II Architecture and Implementations

This section elaborates the architecture and implementations of SC-AIT. There are some priori art on the architecture design of semantic communications [4, 7]. Different from these studies, the proposed architecture introduces AI task block, and investigates the underlaying relations between AI tasks and semantic information to instruct semantic communications. This is necessary since not all semantic information is required by AI tasks. However, this is also challenging due to the complex relations between the AI tasks and the source information. To circumvent the challenge, this work employs neural networks to achieve the design target. In particular, a study case of SC-AIT is implemented for classification tasks based on an end-to-end neural network. The large number of model parameters in neural networks are utilized to characterize the complex relations between the AI tasks and the source information so as to instruct semantic communications.

II-A Architecture Design

In the first subsection, we introduce the proposed architecture and mainly analyze the necessity and the function of AI task block for the overall semantic communications. The implementation details of the architecture will be elaborated in the next subsection. As shown in Fig. 2, the semantic communication architecture consists of the effectiveness level, the semantic level and the technical level [4], and each layer is closely interrelated to each other. At the effectiveness level, there is a source block, which contains the information to be transmitted. In this work, we assume that the target of the communications is to accomplish a certain AI task that is known by both transmitter and receiver [1]. The contained information, the AI tasks, and their inherent relations constitute a KB, which can be used to store the above information and instruct the following semantic communications. Since for different AI tasks, information can have different degrees of importance, it is necessary to introduce AI task in KB. For instance, as shown in Fig. 1, once the AI task becomes detecting the cat, the information related to dog is no longer necessary. Moreover, no matter whether the target is the dog or cat, the background information is not needed. Therefore, the effectiveness level needs to quantify the degrees of importance of semantic information for the accomplishment of AI tasks, so as to decide the parts of semantic information that should be transmitted.
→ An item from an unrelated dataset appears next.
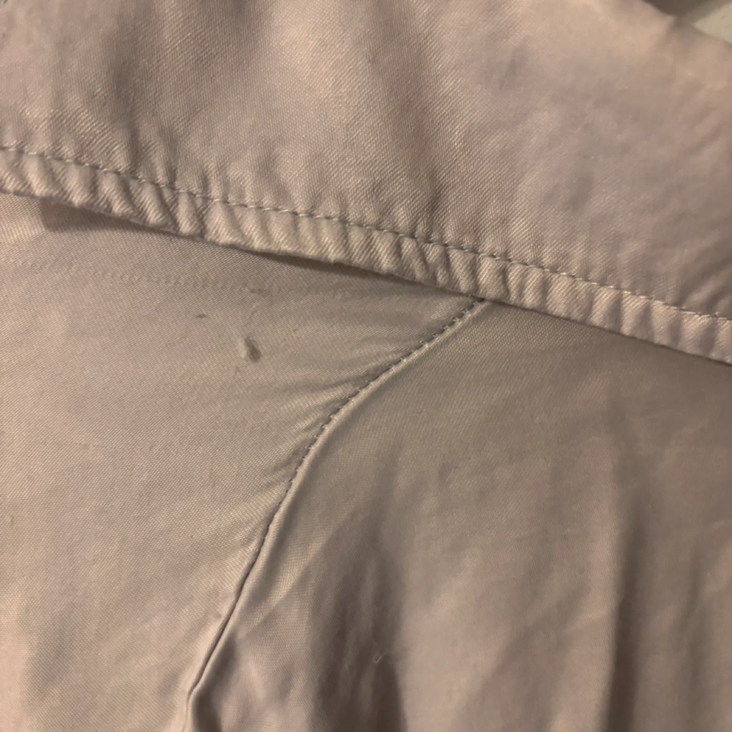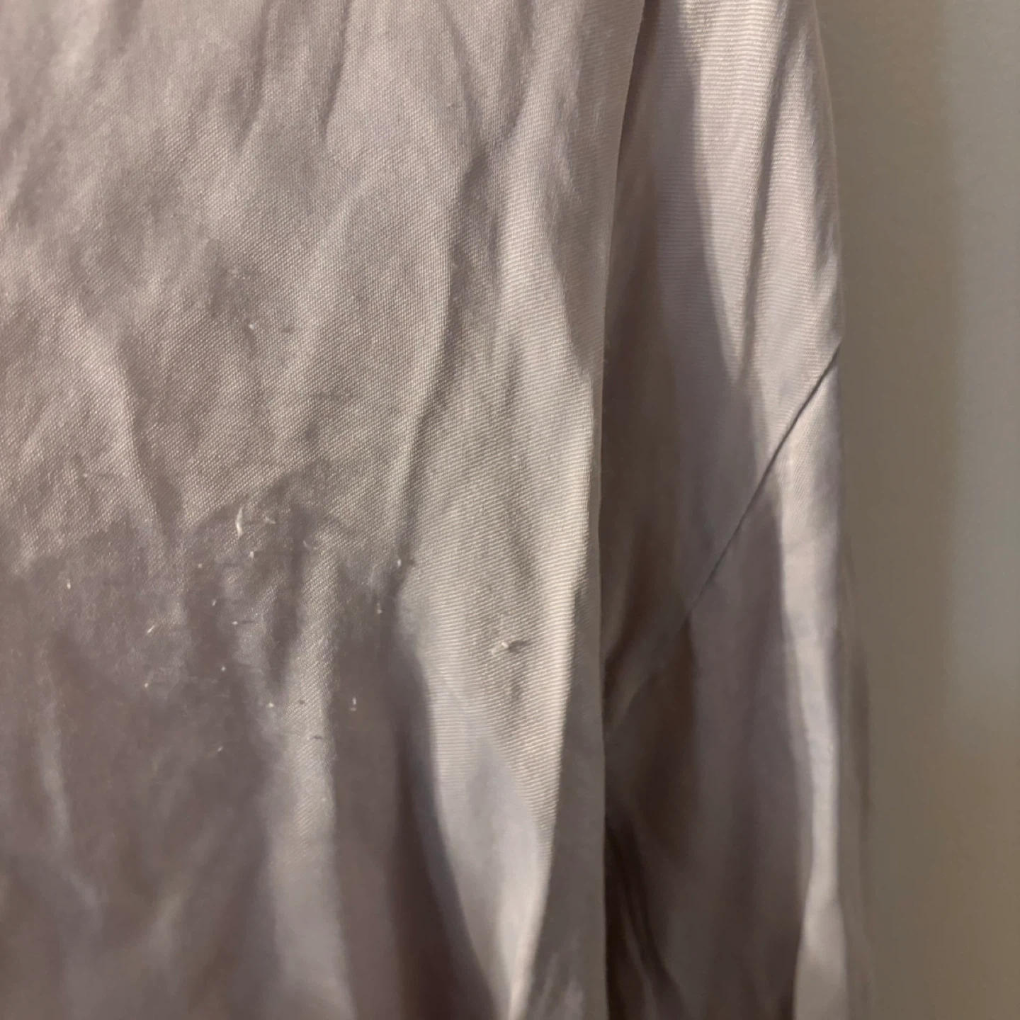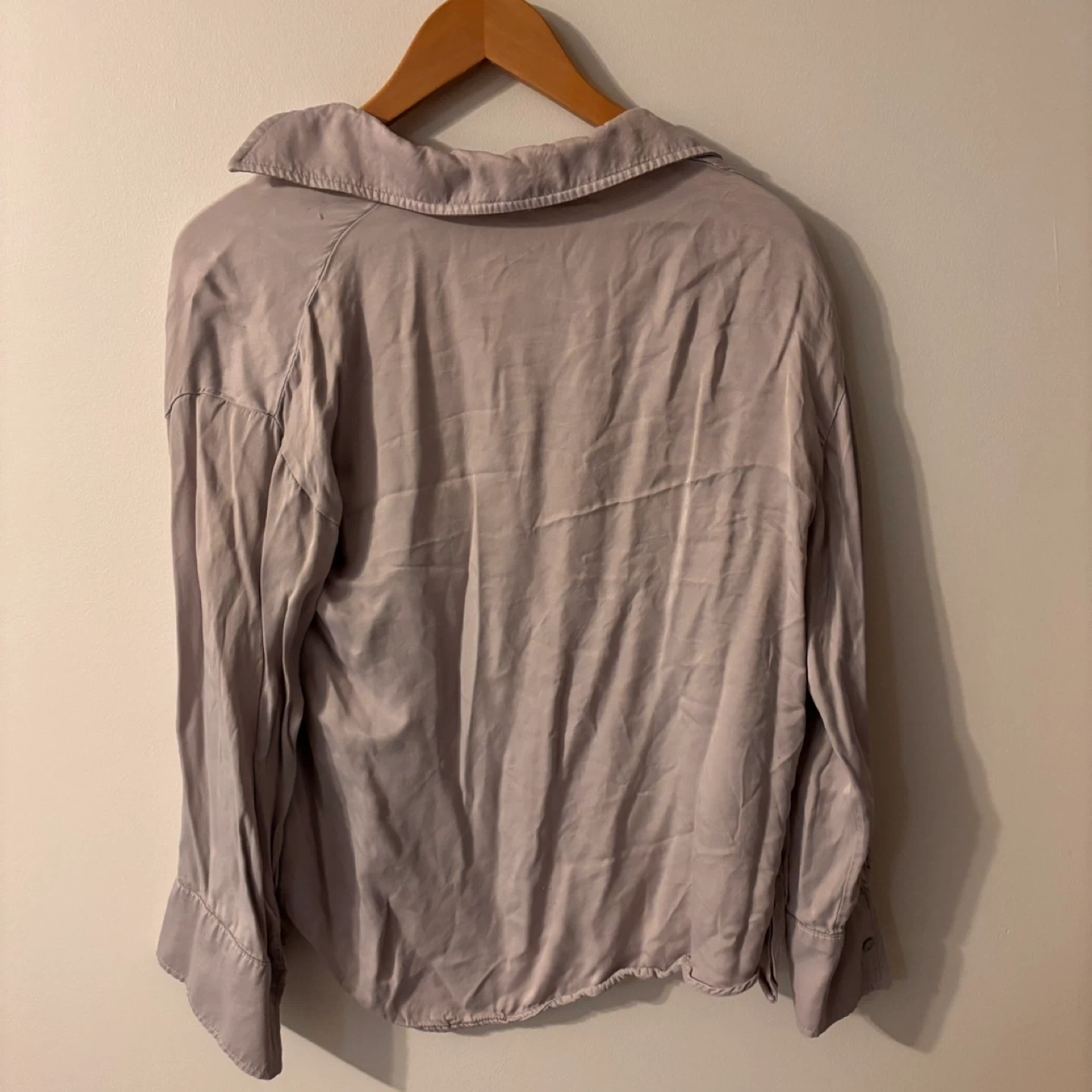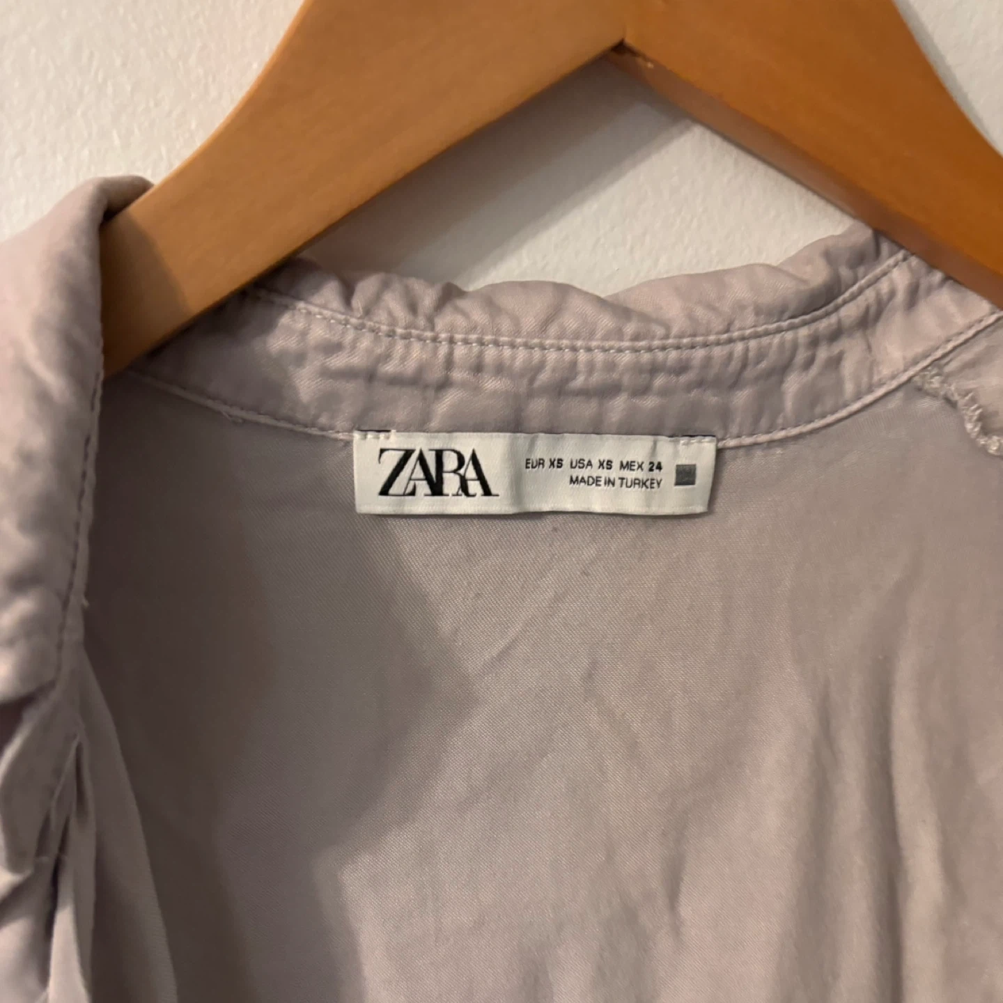 This is a Zara women's button-up shirt. It's a size XS in a light lilac colour. The fabric is lightweight and has a smooth feel.
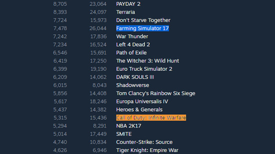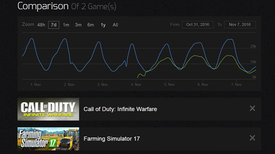 Стоит отметить, что пик по количеству игроков, как правило, приходится на момент выхода игры. Затем, в подавляющем большинстве случаев количество игроков постепенно снижается. Учитывая, что релиз симулятора тракторов и агротехники состоялся еще 24 октября, можно предположить, что Farming Simulator 17, по меньшей мере вдвое популярнее Call of Duty: Infinite Warfare среди пользователей Steam.

At the receiver, there is also a KB to store the knowledge including the related semantic information and AI tasks.

At the semantic level, the semantic information of the source node first needs to be extracted and expressed in a certain form. After the semantic extraction and expression block, all the semantic information will be delivered to the semantic encoder. Similar to the conventional source coding, the purpose of the semantic encoder is to reduce source information redundancy. In particular, SC-AIT proposes to reduce semantic information redundancy according to the contribution to the accomplishment of AI tasks. The information that is irrelevant to the success of AI tasks can be discarded, and only the useful semantic information is encoded at this block. Note that the KB has already quantify the relations between the AI tasks and the semantic information, and thus this process can be conducted according to knowledge stored in KB. At the receiver of the semantic level, a semantic decoder is employed to recover the semantic information. In addition, there is also a KB at the receiver, which can interact with the source KB via a shared KB at the semantic level. When the KB at one side alters, the KB at the other side can synchronize the knowledge. In particular, it is recognized that the destination should be able to increase its level of knowledge by the received message. After the redundancy reduction at the semantic level, the information will be transmitted at the technical level via physical channel. Note that the local KB can be stored at the transmitter and the receiver, while the shared KB can either be stored in an authoritative third party or just be a virtual KB to synchronize the KBs at the two sides.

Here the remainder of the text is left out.